Кромвель целыми днями классифицирует записи, слушает голоса Смута Сойера, Люция Спуна, Грэмпа Хайнса и прочих, делает заметки, пишет, работает над статьями, указывает тональности, темпы, структуры, расшифровывает каждую пластинку. В этом ему помогает молодая женщина-техник в латексных перчатках, как у криминалиста, не позволяя Кромвелю прикасаться к пластинкам. Она молодая, полная, светловолосая и хорошо пахнет. Кромвель не в силах удерживаться: он часто представляет, а что, если бы она раздвинула перед ним свои пухлые ноги? При таких мыслях он ощущает физическую боль в груди и животе. «Вот злодей я, Стакерли», – твердит он, словно молитву. Со временем Стаггер Ли перестаёт быть злодеем – теперь он исповедник Кромвеля. Техника зовут Бетани Марч; у неё крупное аляповатое обручальное кольцо с бриллиантом, обтянутое перчаткой, и бесящая манера смеяться, которая, однако, не мешает Кромвелю представлять, как Бетани раздвигает ноги. Но он не может кончить даже от собственной руки. Кромвель вспоминает, как в конце Паркера не насыщала еда, не удовлетворяли алкоголь и табак. По ночам Кромвель с горячим членом в руке листает худшие виды порно, что только можно найти в Интернете, но не может достигнуть оргазма. Эта часть его теперь замурована.
Однажды, когда на смену зиме приходит конец мая, Кромвель и Бетани вместе слушают пластинку «Амойра Хайнс». Запись достигает момента, когда становится очевидно, что происходит – секс, безумный смех, оккультные, незнакомые слова, шлепки плоти о плоть. Тогда Кромвель смотрит на техника: та трогает затянутой в перчатку рукой шею, смахивает прядку с лица и наконец встаёт и выходит из комнаты для прослушивания с искусственно поддерживаемой температурой. На следующий день Бетани рассказывает Кромвелю, как обращаться с ацетатными пластинками, и больше никогда не присутствует при его работе.

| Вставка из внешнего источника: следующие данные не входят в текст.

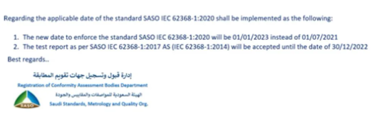 IEC 62368-1: 2018 (即SASO IEC 62368-1:2020) 的強(qiáng)制執(zhí)行日期延后至2023年1月1日 ,也就是自2023年1月1日起將不再接受IEC 62368-1:2014第二版的CB證書(shū)與報(bào)告,只接受IEC 62368-1:2018(第三版)的CB證書(shū)與報(bào)告 。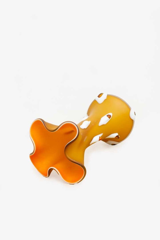 Un vero spettacolo! Questo vaso vintage soffiato a mano di Prokuplje, nell'ex Jugoslavia, unisce l'eleganza artigianale a una forma giocosa e organica. La vivace tonalità arancione, abbinata al vetro bianco e ai dettagli a goccia, crea un effetto quasi surreale, come se il vaso si stesse sciogliendo o prendendo vita. Oggigiorno, i vasi in vetro originali di Prokuplje sono difficili da trovare e sono amati dagli amanti del vintage e del design. Quindi, questo vaso non è solo un pezzo di stile, ma anche un pezzo di storia del design!

Кромвель просит пластинку «Кипердилли».
Всё так, как описывала Молли Десро. Правда, неясно, то ли обезумевший Паркер говорил разными голосами за себя и за «ветер», то ли Молли была «ветром», решив подшутить над бедным больным человеком – змея среди простыней, ядовитый плющ в одежде. Конечно же, это не ветер и не замогильный голос. Звуки в конце – словно буря в стакане: в них много слов и нестройных мелодий, «много слов и страсти – нет лишь смысла». Звуки негромкие, забитые треском пластинки, раздаются словно издалека. Ни намёка на чёрную стену.

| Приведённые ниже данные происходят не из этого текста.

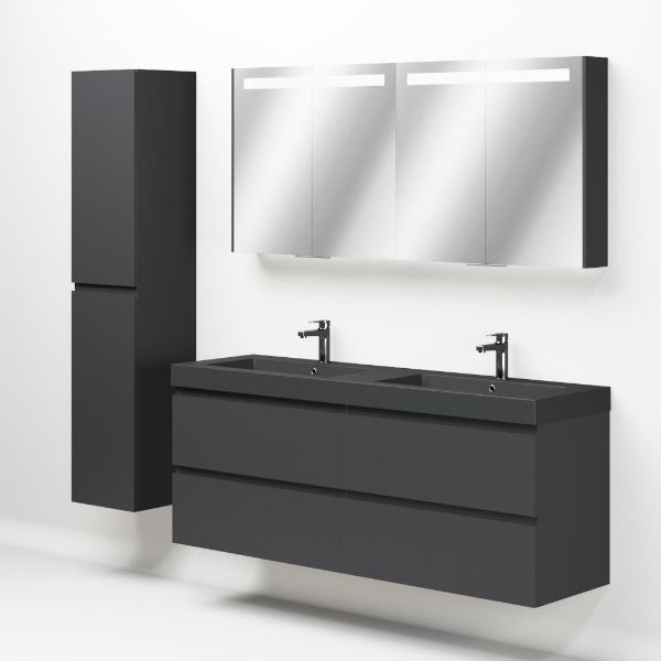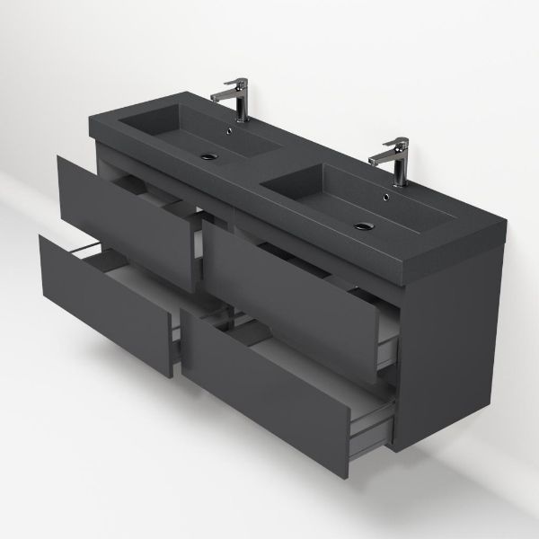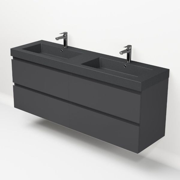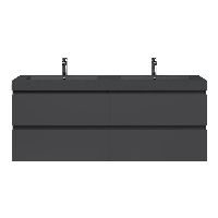 | | Bellanti Gisella/Esta-Q badmeubel 160x46 4 softclose laden mat antraciet greeploos polystone dubbele wastafel mat grijs met 2 kraangaten |

Повинуясь неожиданному порыву, Кромвель открывает браузер на своём компьютере и вводит в поисковик «Миллисента Оливия Десро, Арканзас». Один результат (в браке её имя сменилось на Миллисента Десро-Тэкетт) и, к его счастью, не некролог – статья о садоводстве в «Реестре округа Стоун» за 2002 год. Представляя Миллисенту, статья упоминает имя её мужа – Ричард «Дружище» Тэкетт. Новый поиск – оказывается, он умер в 2009 году в возрасте девяноста лет, оставив жену и двоих сыновей, Джорджа и Листера Тэкеттов. Чтобы связаться со старшим, Джорджем, и выяснить, жива ли ещё Миллисента и где она живёт, требуется два телефонных звонка.
На следующий день ранним утренним рейсом Кромвель летит в Литл-Рок, штат Арканзас, и незадолго до вечера оказывается на парковке дома престарелых и людей с инвалидностью округа Стоун. Здание выглядит унылым и полузаброшенным. «Сюда люди приезжают умирать, – думает Кромвель, – если слишком сильно держатся за жизнь. Во всём ведь можно найти удовольствие – в телепередаче, ванильном пудинге, «Оксикодоне», массаже стоп. Верно ведь? Даже для них в мире есть удовольствие, так?» Тот голос Молли, который звучит в голове Кромвеля, отделён от этого несчастного места тысячами километров и восемью десятилетиями.